Minimax Quantum Tomography: Estimators and Relative Entropy Bounds

A minimax estimator has the minimum possible error (“risk”) in the worst case. We construct the first minimax estimators for quantum state tomography with relative entropy risk. The minimax risk of nonadaptive tomography scales as $O(1/\sqrt{N})$—in contrast to that of classical probability estimation, which is $O(1/N)$—where $N$ is the number of copies of the quantum state used. We trace this deficiency to sampling mismatch: future observations that determine risk may come from a different sample space than the past data that determine the estimate. This makes minimax estimators very biased, and we propose a computationally tractable alternative with similar behavior in the worst case, but superior accuracy on most states.

Figure 1

Estimators for Pauli measurements on a rebit, depicted as distortions of the linear inversion grid [see the text after Eq. (7)]. (a) Three standard estimators for $M=8$ measurements of $X$ and $Y$. Vertices of the red grid correspond to estimated states.
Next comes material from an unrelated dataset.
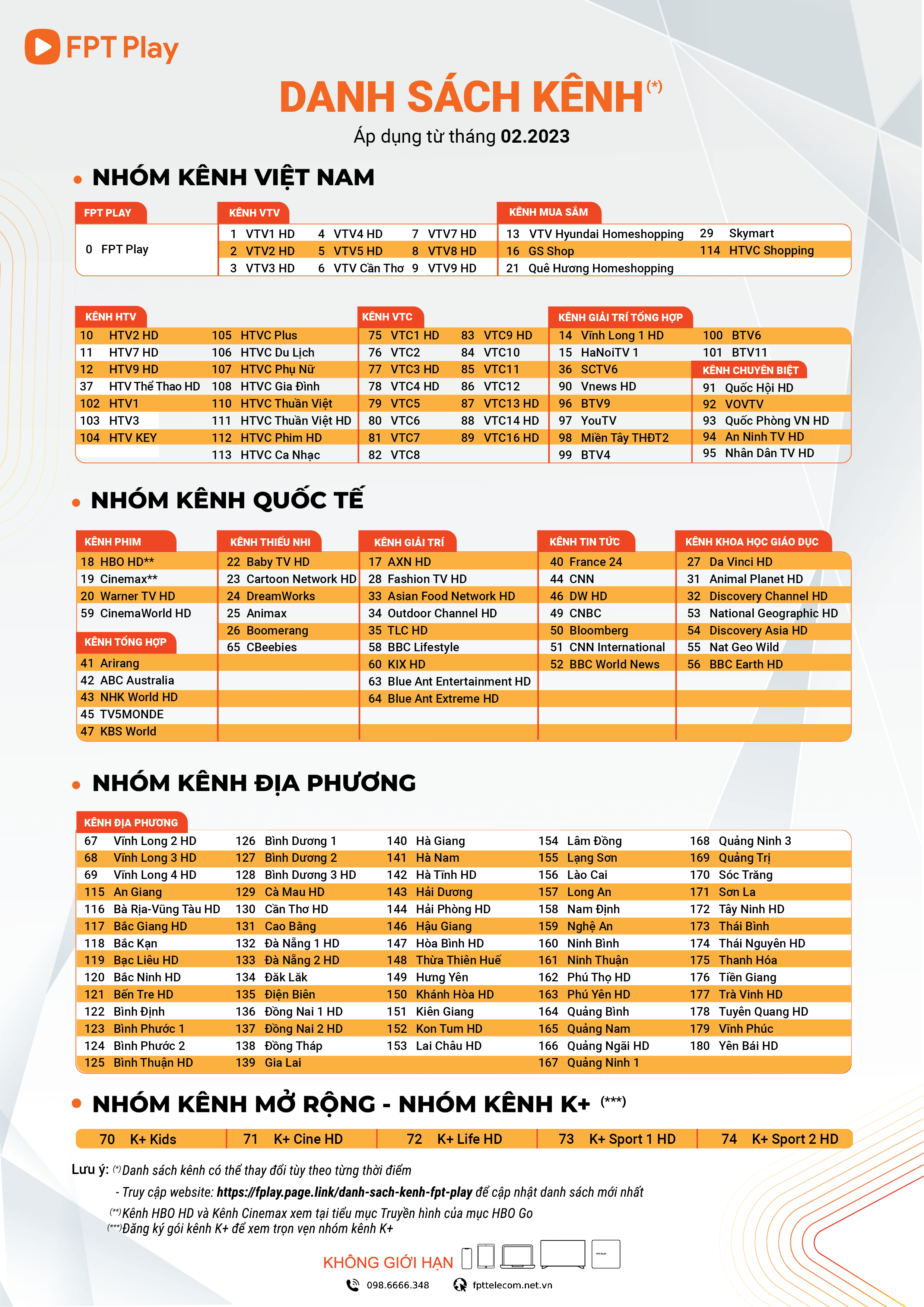 - Gần 200 kênh truyền hình trong nước và quốc tế

Linear inversion estimates extend outside the Bloch disk of physical states. MLE’s estimates are non-negative; HML’s are strictly positive. (b) Minimax estimators for $M=8$, 16, 32, 64 measurements of $X$ and $Y$ on a rebit. Ripples indicate local bias toward support points of the least favorable prior [9].

Figure 2

Numerical minimax risk for qubits, rebits, and noisy coins. Black curves show the risk of numerically constructed minimax estimators for a qubit and a rebit, as a function of the number of samples ($N$), up to the maximum that was numerically feasible. Red curves illustrate the numerically computed risk of noisy coin systems whose noise levels are chosen to match the effective noise of the qubit and the rebit, respectively. Blue lines show the lower bound given in Eq. (6).

Figure 3

Maximum and pointwise risk of minimax and HML estimators. (a) The maximum risk, for qubit tomography, of the minimax estimator and three different HML estimators ($\beta =0.01$, 0.04, 0.10) for $N\le 192$ samples, distributed equally among the three Pauli bases. (b) The pointwise risk, along the axis oriented at 45° to both $X$ and $Y$, of the same estimators for $N=128$ samples for a rebit [this minimax estimator is depicted in Fig. 1]. The two local maxima of $\overline{d}(\rho )$ are at $r=1$ and $r\approx 1-1/\sqrt{N}$. Choosing $\beta \approx 0.04$ balances these risks and is therefore minimax among HML estimators. This HML estimator comes very close to matching the worst-case performance of the minimax estimator and outperforms it dramatically in the interior of the state space.